Here’s my truth. Sometimes things don’t sit well with me, and I often can’t articulate it immediately, I just feel off-centre. Something is not right. My inner knowing has been violated. I’ve usually been asked to do something or someone has said something that has jarred my inner space and my reaction is not my truth. Rather, it’s what society believes I should do or say. That’s all you need for your boundary has been crossed.

 

There’s never a good reason for any boundary to be crossed. It’s always easy to draw a line with a stranger or someone we’re not emotionally invested in. The difficulty is when the proximity gets closer, family, friends, and colleagues.

 

Now there’s a range of reasons why one could feel that one’s boundaries have been crossed.

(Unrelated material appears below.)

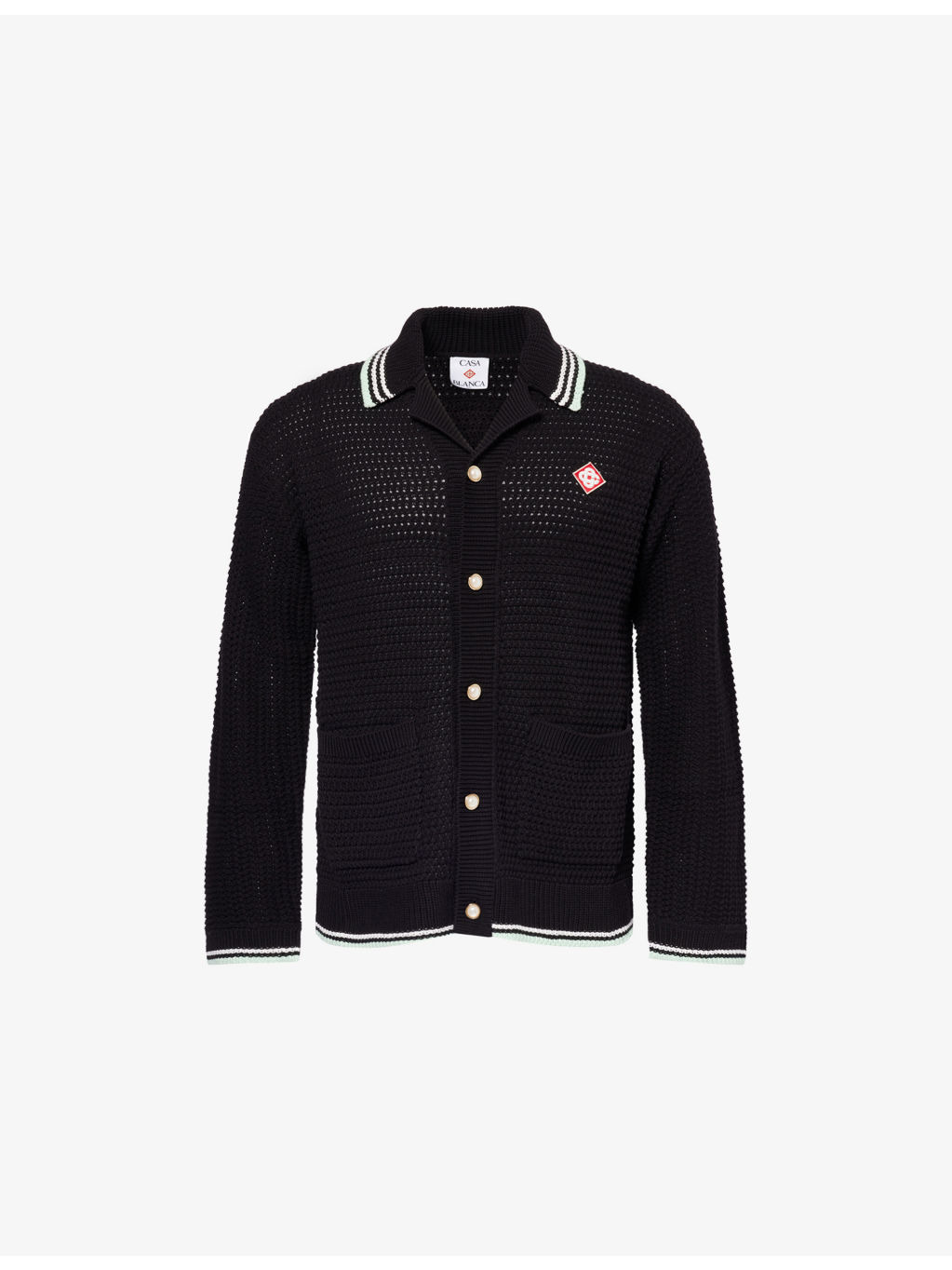 PRODUCT DETAILS - Casablanca cotton-crochet shirt - 100% cotton - Button fastening at front - Regular fit, camp collar, long sleeves, embroidered logo at chest and back, patch pockets at front, striped trims - Hand wash - Model is 6ft 2in/1.88m and wears a size medium - Midweight, slight stretch Ref: R04522911

You’re exhausted, and need your version of self-care but your ‘draining’ friend ‘needs’ you, so you make yourself available.

 

I get why some people have taken the ‘blue tick’ off.

 

And here’s my favourite everyday reason that I think most can relate to. Someone sends a Whatsapp text, and you feel you (a) need to read it and (b) respond right now. I get why some people have taken the ‘blue tick’ off. I’m trying to get to a place where you can see that I’ve read it, but I don’t need to reply in real-time. You have no idea what I’m doing, why I cannot pay attention to the message at that particular time.

 

Oh, and we need to release the need for explanations! ‘No’ is a full and complete sentence. But we over-explain ourselves. Why? The need for outside validation.

 

But back to preserving our sacred spaces and not feeling responsible for everyone else especially when we’re healing ourselves. It starts with realising that you are responsible for you. This equally applies to others on their own unique journeys. We arrived here on our own, we will transition on our own.

 

There’s no need to make decisions in the now.

 

The other thing that I need to put into practice more often is the simple phrase, “I’ll consider it and let you know” or any iteration of that. There’s no need to make decisions in the now. We can live there, but there’s no urgency for decisions in the now.

 

This simple phrase is so honest and preserves the dignity of all parties. If someone is not able to deal with that ‘pause’, again, that’s not your problem. The hysteria and chaos that someone else is experiencing is not your responsibility. No-one has a right to emotionally blackmail you into anything. Love, attention, time, money, whatever. Whether they realise it or not.

 

Finally, it’s very important to understand that we don’t really ‘help’ others when their demands strain us, and negatively charge our energy. It’s like a vortex, you’re absorbed unwittingly, almost helpless. This creates co-dependencies, and they don’t ever get their lessons and heal. Heard of tough love? It’s tough.

 

Dear hearts, creating boundaries and nurturing Self is the first tenet of love.